WORK REQUIRED: Write the listing below out again exactly, dropping the images.

DATA PROVIDED:
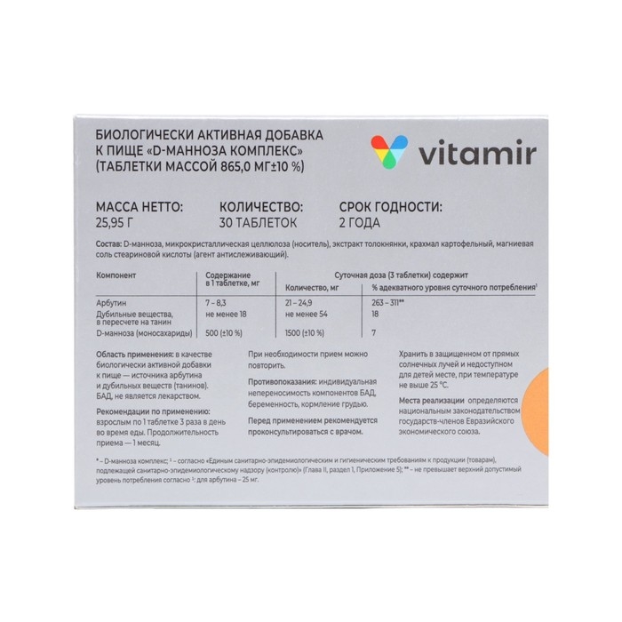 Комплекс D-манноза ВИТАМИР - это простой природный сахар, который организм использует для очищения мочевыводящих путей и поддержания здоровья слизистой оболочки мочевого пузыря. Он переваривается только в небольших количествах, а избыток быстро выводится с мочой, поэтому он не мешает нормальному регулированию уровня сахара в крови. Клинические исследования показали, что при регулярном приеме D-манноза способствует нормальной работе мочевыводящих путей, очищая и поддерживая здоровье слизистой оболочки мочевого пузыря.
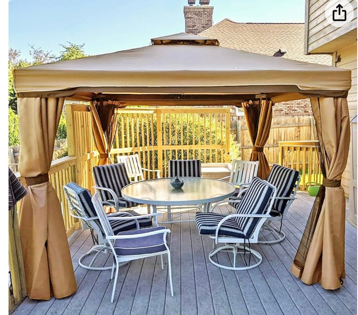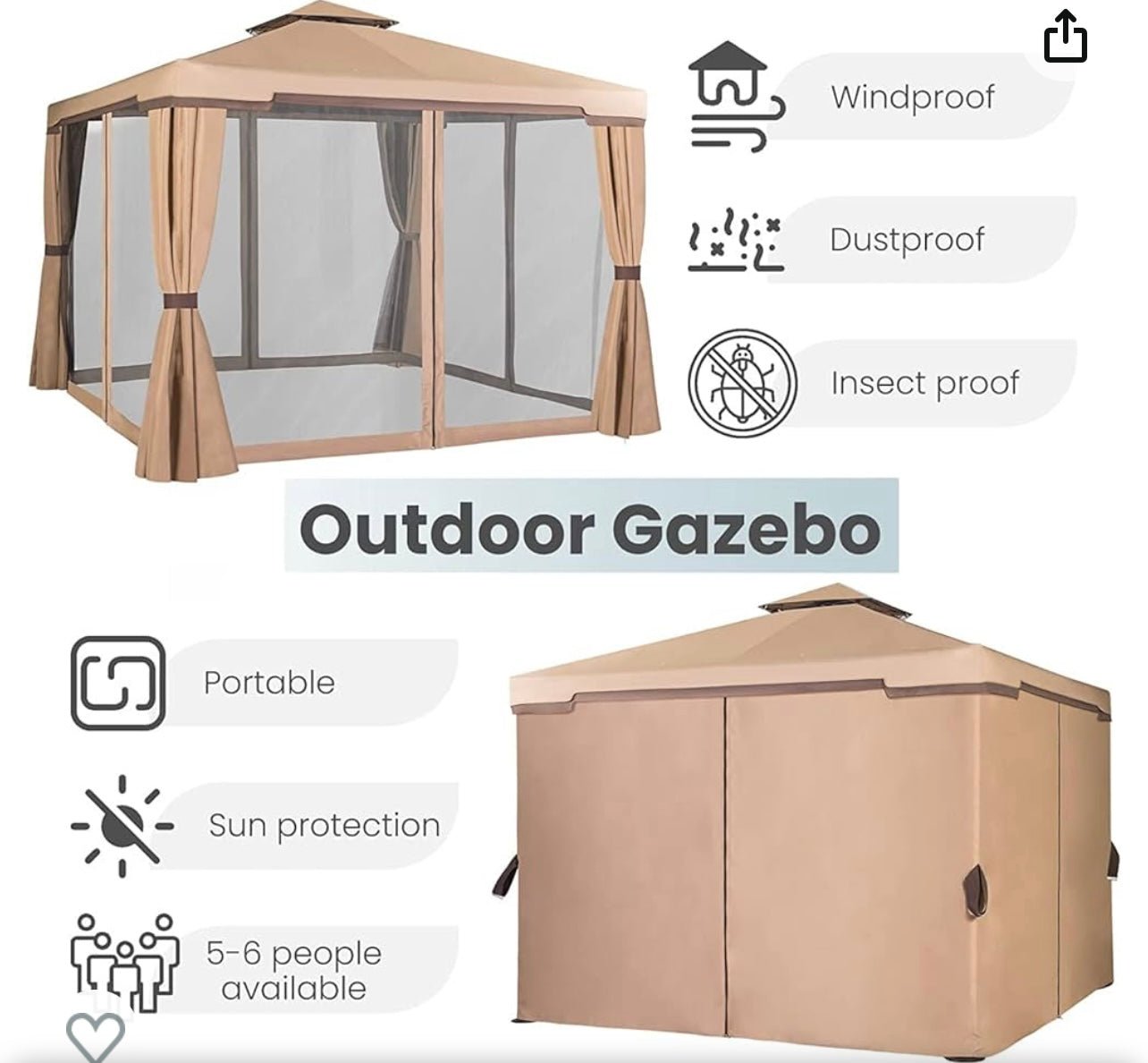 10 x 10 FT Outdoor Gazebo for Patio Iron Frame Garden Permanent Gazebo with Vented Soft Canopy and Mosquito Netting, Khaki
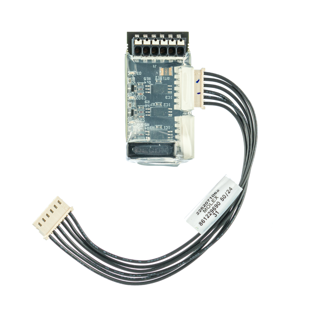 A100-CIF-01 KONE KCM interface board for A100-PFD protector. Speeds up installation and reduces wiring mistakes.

WRITTEN ANSWER:
 Комплекс D-манноза ВИТАМИР - это простой природный сахар, который организм использует для очищения мочевыводящих путей и поддержания здоровья слизистой оболочки мочевого пузыря. Он переваривается только в небольших количествах, а избыток быстро выводится с мочой, поэтому он не мешает нормальному регулированию уровня сахара в крови. Клинические исследования показали, что при регулярном приеме D-манноза способствует нормальной работе мочевыводящих путей, очищая и поддерживая здоровье слизистой оболочки мочевого пузыря.
 10 x 10 FT Outdoor Gazebo for Patio Iron Frame Garden Permanent Gazebo with Vented Soft Canopy and Mosquito Netting, Khaki
 A100-CIF-01 KONE KCM interface board for A100-PFD protector. Speeds up installation and reduces wiring mistakes.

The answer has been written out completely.